** Activity **
Your task is to return, word for word, only the lines from the line with "La iluminación AZUL" through the close of the data. Exclude all pictures.

** Material provided **
════════
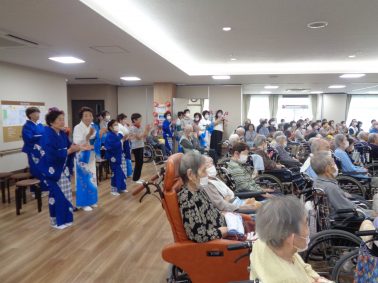 女性会の皆さまが、職員一と緒に踊って会場を盛り上げてくださいました。 「洗心園音頭知っとるよ~」「一緒に踊ったよ~」と嬉しい言葉をかけていただきました🥹
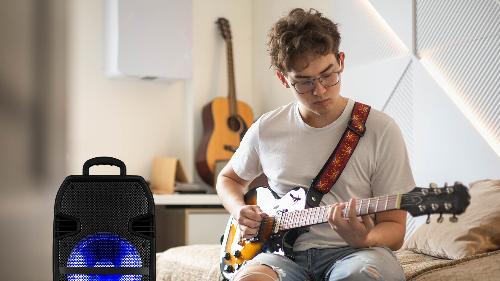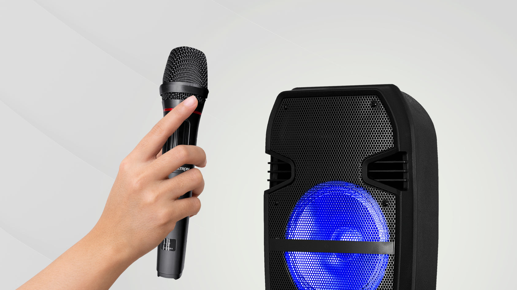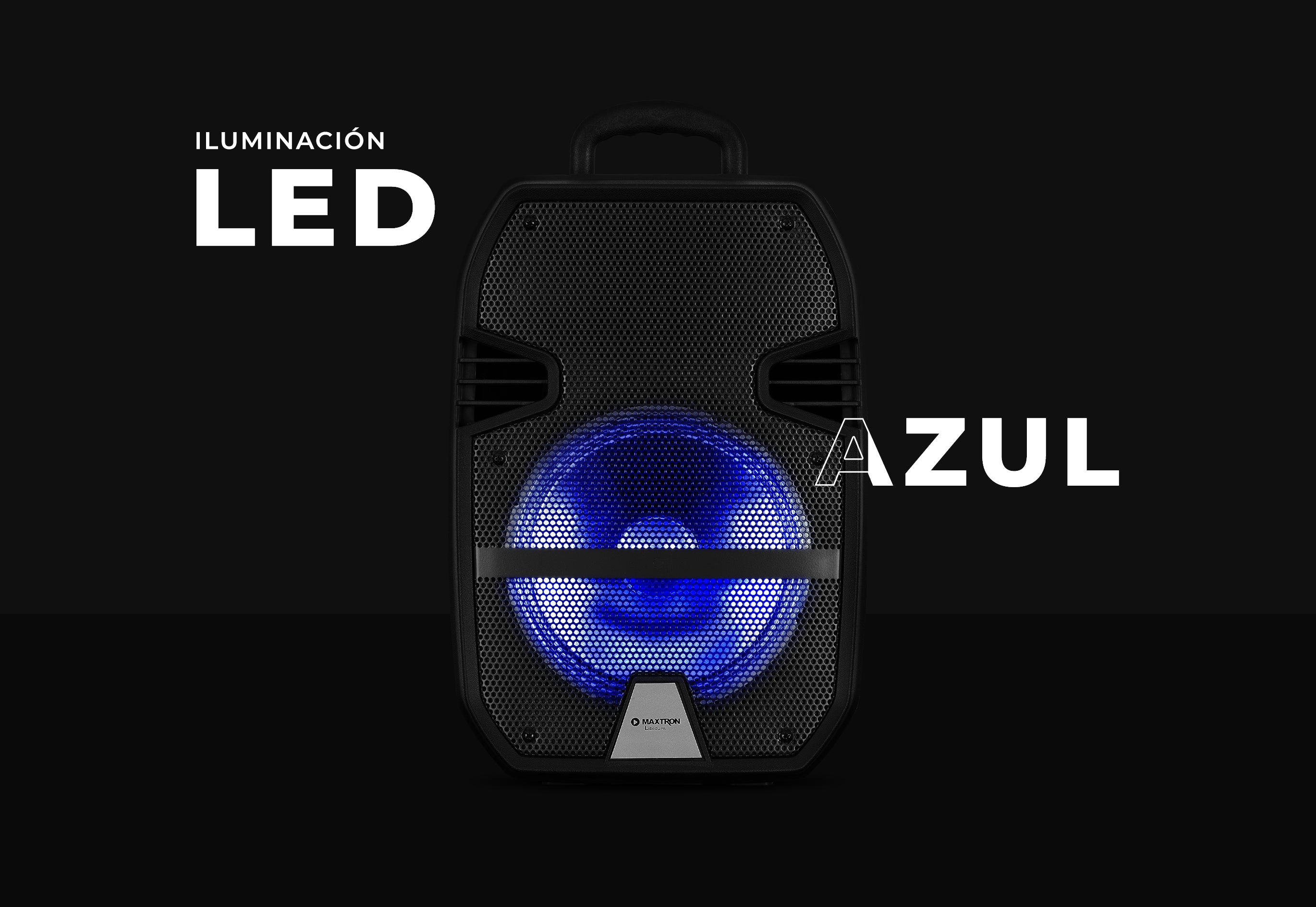 La iluminación AZUL crea un ambiente de fiesta único. Con colores vibrantes y efectos de iluminación dinámicos, el parlante será el centro de atención en cualquier evento.
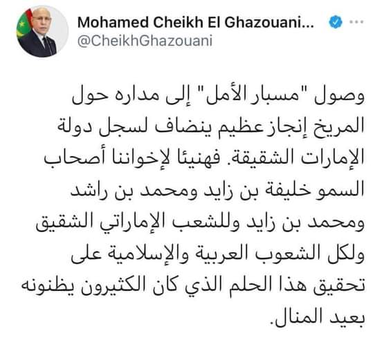 علق رئيس الجمهورية محمد ولد الشيخ الغزواني على صفحته في تويتر معبرا عن الإنجاز الكبير الذى حققته دولة الإمارات العربية المتحدة فى مجال الفضاء :
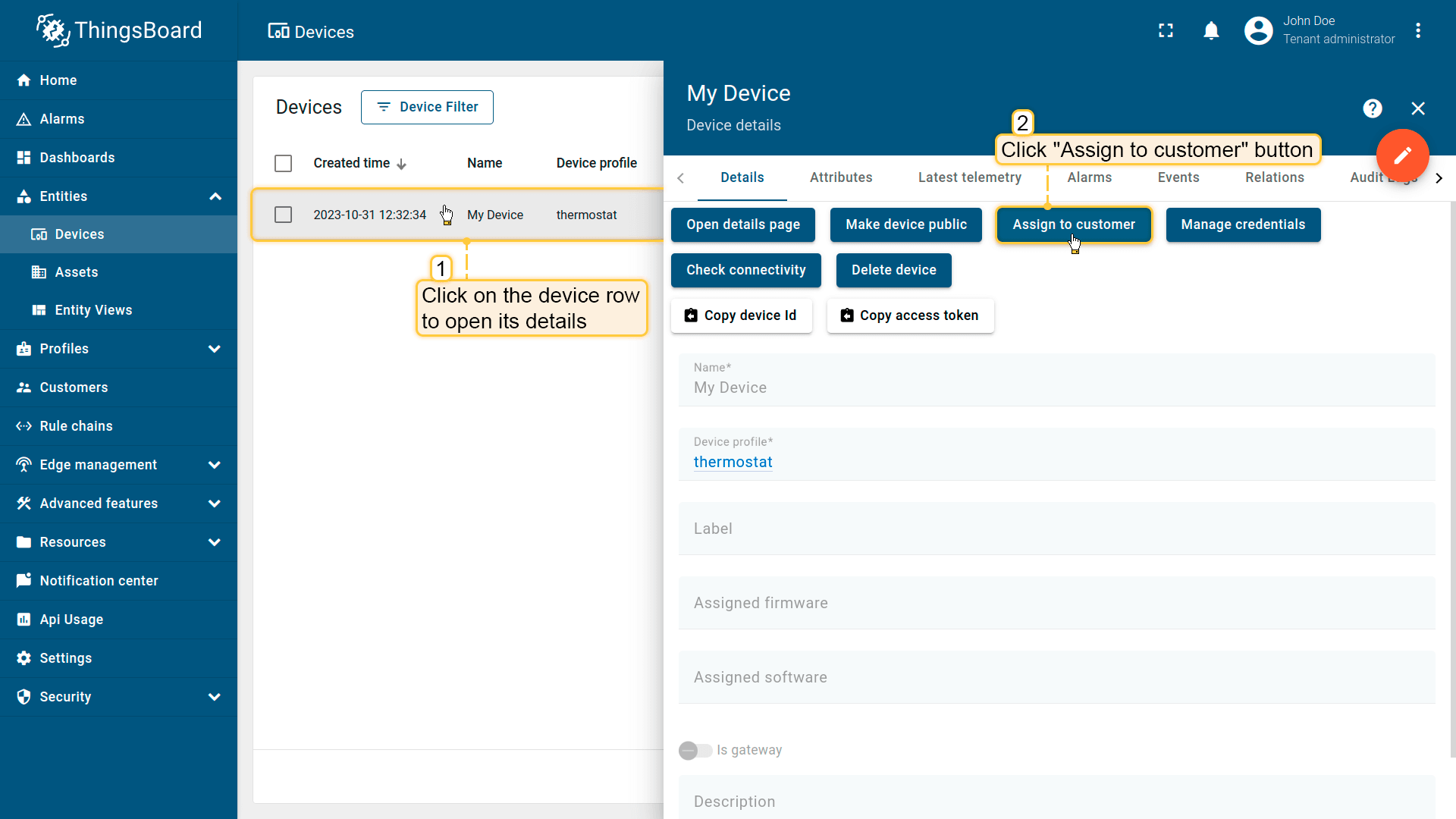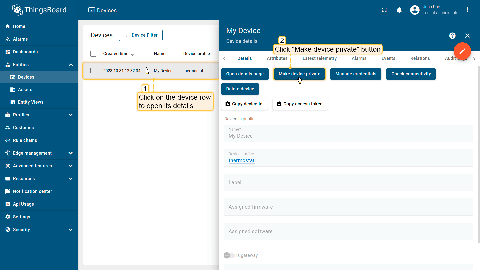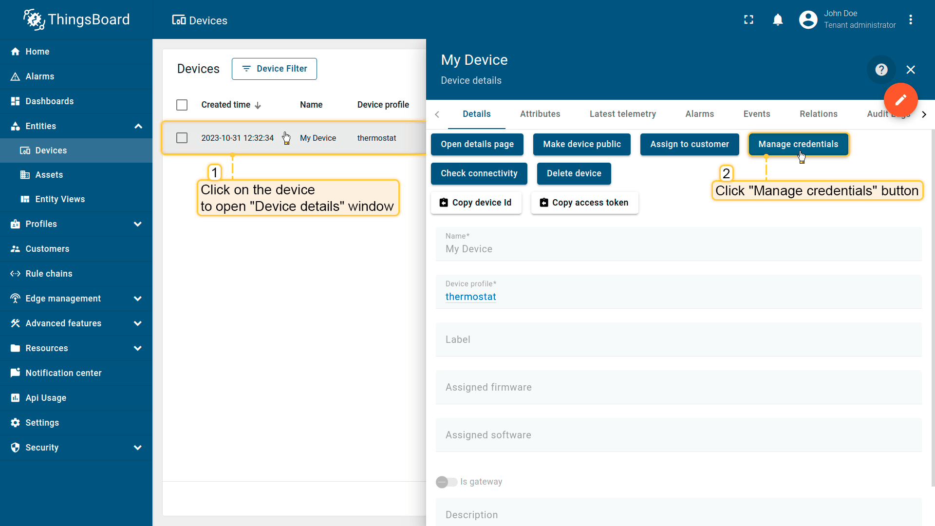 租户管理员及具有相应权限的用户可在ThingsBoard中创建、编辑或删除设备。
════════
** Output below **
 La iluminación AZUL crea un ambiente de fiesta único. Con colores vibrantes y efectos de iluminación dinámicos, el parlante será el centro de atención en cualquier evento.
 علق رئيس الجمهورية محمد ولد الشيخ الغزواني على صفحته في تويتر معبرا عن الإنجاز الكبير الذى حققته دولة الإمارات العربية المتحدة فى مجال الفضاء :
 租户管理员及具有相应权限的用户可在ThingsBoard中创建、编辑或删除设备。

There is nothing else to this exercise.